I have a new proposal combining the two mentioned above (basically what Martin originally requested and a generic way of what Cockpit does currently):
For copr_build on release, we will use create_archive action if specified. If not, don't build anything and download what's present in Specfile. (Basically, changing the default for create_archive to download the SourceN.)
A few things to consider:
-
This will not change anything for users with the
create_archiveaction defined. -
For users not setting the
create_archiveaction, this will change the behaviour. (!) -
What about spec-file version? (A very related to packit/packit#1757)
- By now, we don't change the version for release Copr builds.
- No-bump works well for upstream-handled spec-files (=spec-file is prepared), bump is required for generated/downloaded spec-files (=spec-file is not prepared).
- Possible solutions:
- Introduce a
bump_spec_versionconfig option both forcopr-buildandpropose-downstreamthat will beTruefor PRs and commits andFalsefor releases.- If a user has the spec-file prepared,
bump_spec_version=Falseshould be used, if a user needs to update the spec-file,bump_spec_version=Trueshould be used. (This will allow using a dummy value upstream without any manual change required.) - We need to be careful, where we get the version from -- if
bump_spec_version==True, we can't load a version from spec-file (basically an issue packit/packit#1757) but useupstream_tag_templateto get it from the tag.
- If a user has the spec-file prepared,
- Introduce a
-
What about non-URL sources? (Related to packit/packit#1665)
- Require URL or trigger the build action we use currently?
-
What do we want to do if the source is not available?
- Do the same thing that we do for
propose-downstream=> retry. But how to retry when we run the action in Copr (what will be the default in the future)? Can we check the source existence before running the action?
- Do the same thing that we do for
-
To be able to replicate this behaviour, we can implement a
--no-build/--pristine-source/--download-sourceoption for CLI. (We can also start with this.) Note it's a bit different to using--no-bumpCLI option since it will still trigger the local build. @mfocko You were playing with the build CLI lately, does this make sense?
As you can see, we need to be super careful to not break more than we improve..;)
What about non-URL sources? What do we want to do if the source is not available?
These would break propose_downstream as well, right? This could break if some project uses packit to only release to COPR (but not Fedora), and does not release proper upstream tarballs either, right? The solution would be to define a create-archive: action for the copr_build/release job then?
Thanks @lachmanfrantisek for taking this on!
Since there is an hack, for now we don't prioritize this one.
We've come across this when regularly checking the least-recently-commented cards.
I haven't seen anyone else asking for this even though this might be really handy, @martinpitt do you have any issue with your workaround? If the ~~Copr~~Cockpit team does not have any issue with this, I will leave this open but we will prioritise other tasks until there is a stronger push.

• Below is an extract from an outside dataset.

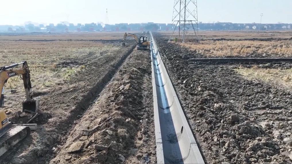 在資陽(yáng)區(qū)沙頭鎮(zhèn)富興村高標(biāo)準(zhǔn)農(nóng)田建設(shè)現(xiàn)場(chǎng),工人們正緊張有序地開挖渠道、安裝渠槽。

When thinking about this, we might want to reuse sources dictionary and add a new option to mention we are relying on specifle. (E.g. preserve_specfile_url, or something like that.
@lachmanfrantisek no, the workaround has worked fine for the last 2 years. It's very non-obvious to come up with, but once you know it it's easy to maintain. So no urgency from our side. Thanks for checking!